*Task description:* Repeat the data that follows exactly, starting at the line with "أعلنت أرت دي" and ending at the line with "ここ数年の物価上昇に「家計が", and leave out every picture.

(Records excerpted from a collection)
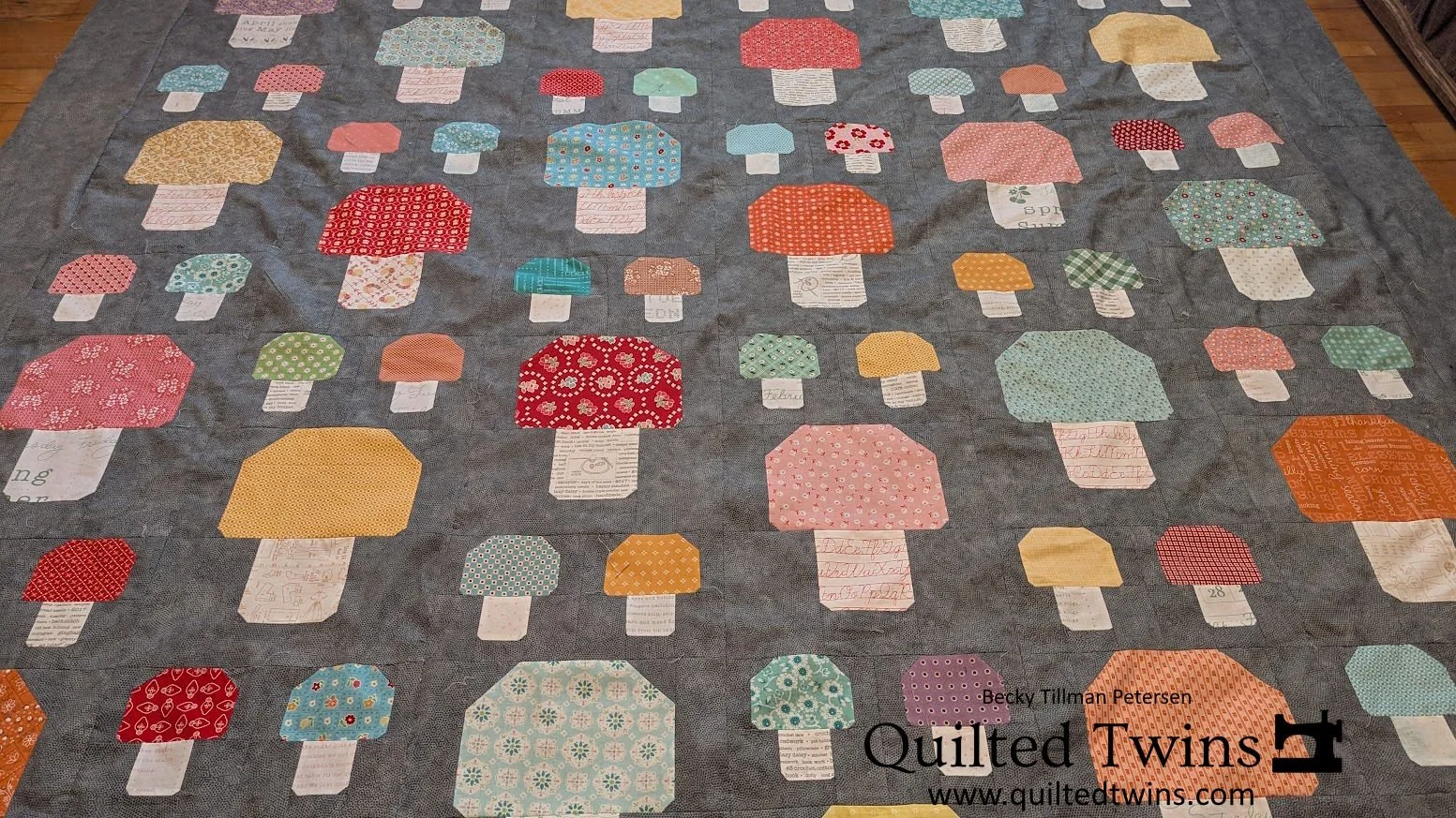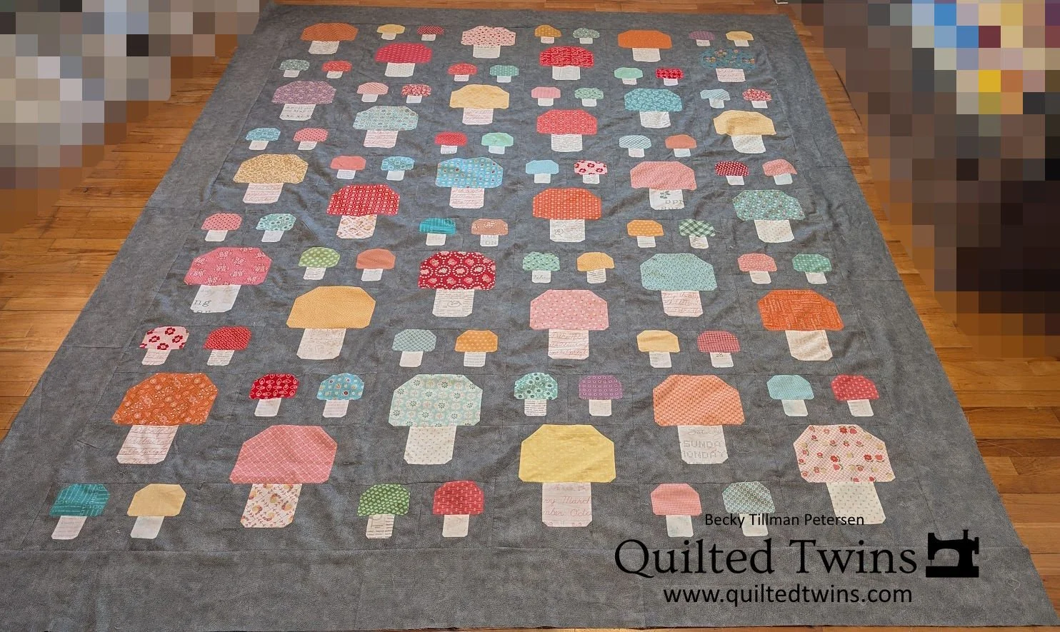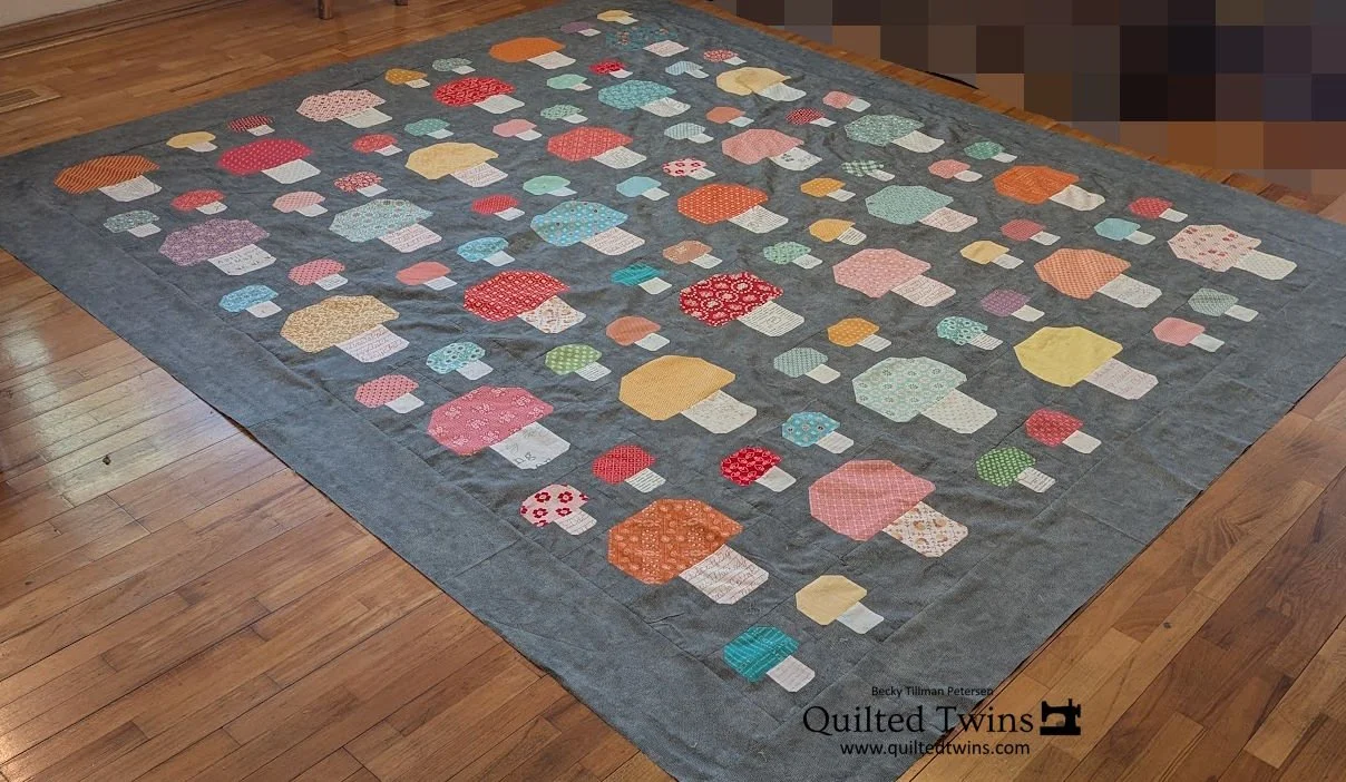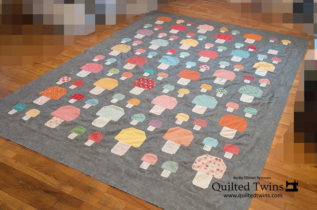 I made this quilt top 6 rows across and 5 down. The blocks are 12.5”x18.5” tall once I’ve sewn the big mushroom (12.5”x12.5”) to a group of 2 smaller mushrooms (6.5”x12.5”).
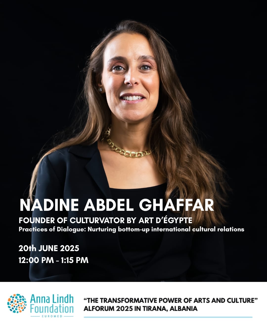 أعلنت أرت دي إيجيبت عن فخرها بمشاركة مؤسِّستها والرائدة الثقافية نادين عبد الغفار كممثلة لمصر ضمن قائمة المتحدثين المرموقين في منتدى مؤسسة آنا ليند 2025، المقرر انعقاده في العاصمة الألبانية تيرانا خلال الفترة من 18 إلى 20 يونيو. وتشارك عبد الغفار في جلسة نقاشية يوم 20 يونيو إلى جانب نخبة من القادة العالميين والروّاد الثقافيين وصنّاع التغيير في منطقة إقليم البحر المتوسط الأوروبي.
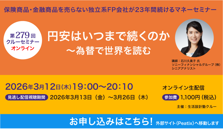 ここ数年の物価上昇に「家計が苦しい!」といった悲鳴が至るところから聞こえてきます。原因の一つが円安だと言われますが、そもそも円安とか円高ってどういうことでしょうか。為替の適正水準ってあるのでしょうか。また、昨年に続き2026年も初頭から、米国のトランプ大統領の一挙手一投足に金融市場が一喜一憂する展開が続いています。3月のクルーセミナーは、ソニーフィナンシャル・グループの金融市場調査部シニアアナリストの石川久美子氏に、外国為替相場の基本構造と、私たちがニュースに接する際の情報やリスクとの向き合い方をお話していただきます。
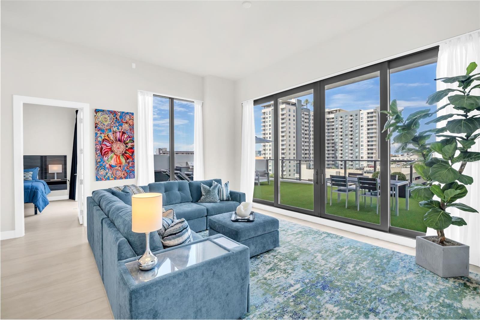 Vivida excepcional para fora do interior em Saltaire | Raramente disponível residência do terraço Experimente o auge do luxo que vive neste raramente disponível de 2 quartos + Den, residência de 2,5 banheiros em Saltaire, onde os interiores refinados se misturam perfeitamente com um dos espaços de estar ao ar livre mais impressionantes do centro de São Petersburgo. Com 1.667 pés quadrados e oferecido totalmente mobiliado (excluindo obras de arte), esta casa é uma das únicas três residências localizadas diretamente no deck de comodidade, colocando os recursos do estilo de resort de classe mundial a poucos passos da sua porta. No interior, você encontrará tetos de 12 pés, elegantes pisos de ladrilhos de porcelana, iluminação e tratamentos de janelas, criando uma sensação de sofisticação moderna por toda parte. Ambos os quartos incluem cabeceiras embutidas e armários walk-in, enquanto os banheiros inspirados no spa oferecem um retiro sereno. Uma lavanderia bem equipada com armários adicionais adicionando funcionalidade diário. A verdadeira peça central desta casa é seu amplo terraço privado de 1.158 pés quadrados, um santuário urbano raro projetado para entretenimento e relaxamento. Este espaço ao ar livre apresenta o Lush Astroturf, uma cozinha ao ar livre totalmente equipada com churrasqueira, uma mangueira para uma manutenção fácil e móveis ao ar livre de ponta incluídos com a venda. Seja hospedando convidados ou desfrutando de uma noite tranquila sob as estrelas, este terraço oferece um estilo de vida diferente de qualquer outro na cidade. Os recursos adicionais incluem dois (2) vagas de estacionamento e uma unidade de armazenamento controlada pelo clima para maior conveniência. Como morador de Saltaire, desfrute de acesso ao serviço de concierge, um centro de fitness de última geração, piscina no estilo resort e um espetacular terraço comodidades com vistas deslumbrantes de Tampa Bay, Marina's e St Pete Pier. Perfeitamente posicionado no coração do centro de São Petersburgo, esta residência oferece acesso imediato a refeições premiadas, atrações culturais, parques à beira-mar e o vibrante distrito de Marina. estrito.
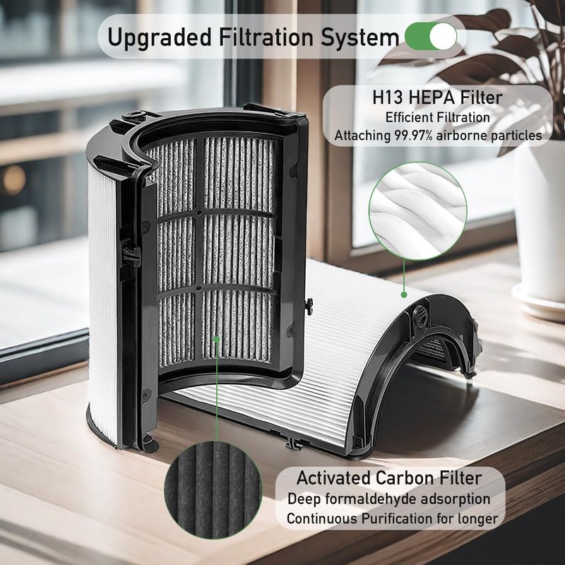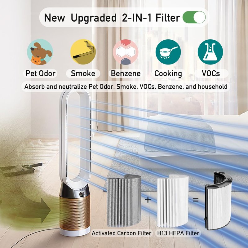 - 【UPGRADED ACTIVATED CARBON FILTER】The air filter replacement for Dyson Increased triple the amount of activated carbon to remove 99.9% of dust, pollen, smoke, odors, pet hair, and VOCs as small as 0.3 microns. the Activated Carbon Filter adopts Upgraded Coconut Shell Activated Carbon Granules, deep formaldehyde adsorption, green Environmental Protection, continuous Purification for longer time than the others.
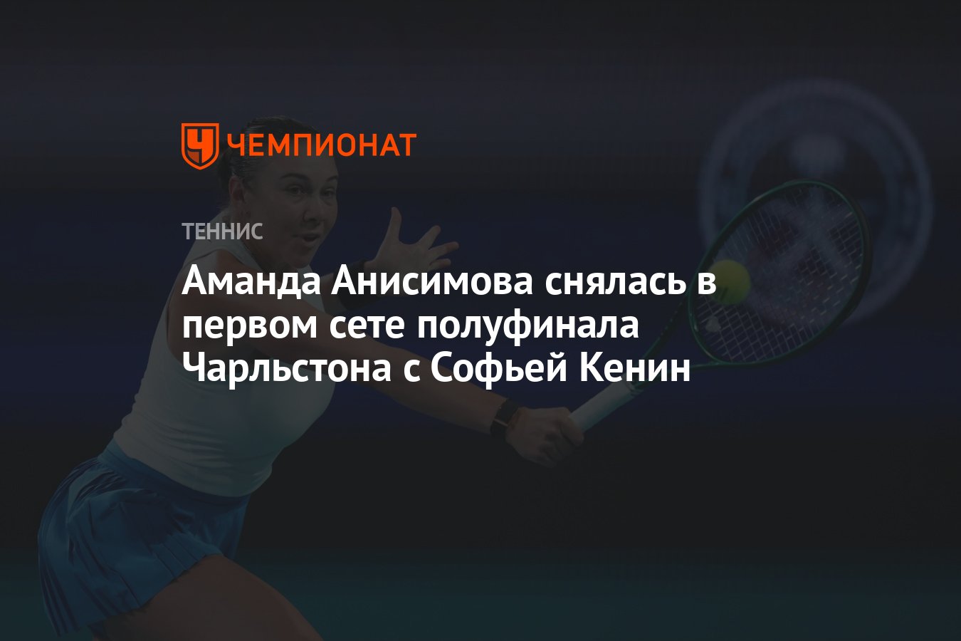 Американская теннисистка Аманда Анисимова, 16-я ракетка мира, была вынуждена сняться с полуфинального матча турнира WTA 500 в Чарльстоне (США) против соотечественницы Софии Кенин, занимающей 44-е место в рейтинге. Анисимова прекратила игру в первом сете при счете 2:5 в пользу Кенин. Матч продолжался 29 минут.
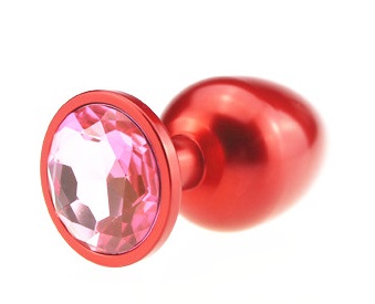 Анальная пробка металл красная с розовым стразом 7,6х2,8см 47414-MM

*Task answer:*
 أعلنت أرت دي إيجيبت عن فخرها بمشاركة مؤسِّستها والرائدة الثقافية نادين عبد الغفار كممثلة لمصر ضمن قائمة المتحدثين المرموقين في منتدى مؤسسة آنا ليند 2025، المقرر انعقاده في العاصمة الألبانية تيرانا خلال الفترة من 18 إلى 20 يونيو. وتشارك عبد الغفار في جلسة نقاشية يوم 20 يونيو إلى جانب نخبة من القادة العالميين والروّاد الثقافيين وصنّاع التغيير في منطقة إقليم البحر المتوسط الأوروبي.
 ここ数年の物価上昇に「家計が苦しい!」といった悲鳴が至るところから聞こえてきます。原因の一つが円安だと言われますが、そもそも円安とか円高ってどういうことでしょうか。為替の適正水準ってあるのでしょうか。また、昨年に続き2026年も初頭から、米国のトランプ大統領の一挙手一投足に金融市場が一喜一憂する展開が続いています。3月のクルーセミナーは、ソニーフィナンシャル・グループの金融市場調査部シニアアナリストの石川久美子氏に、外国為替相場の基本構造と、私たちがニュースに接する際の情報やリスクとの向き合い方をお話していただきます。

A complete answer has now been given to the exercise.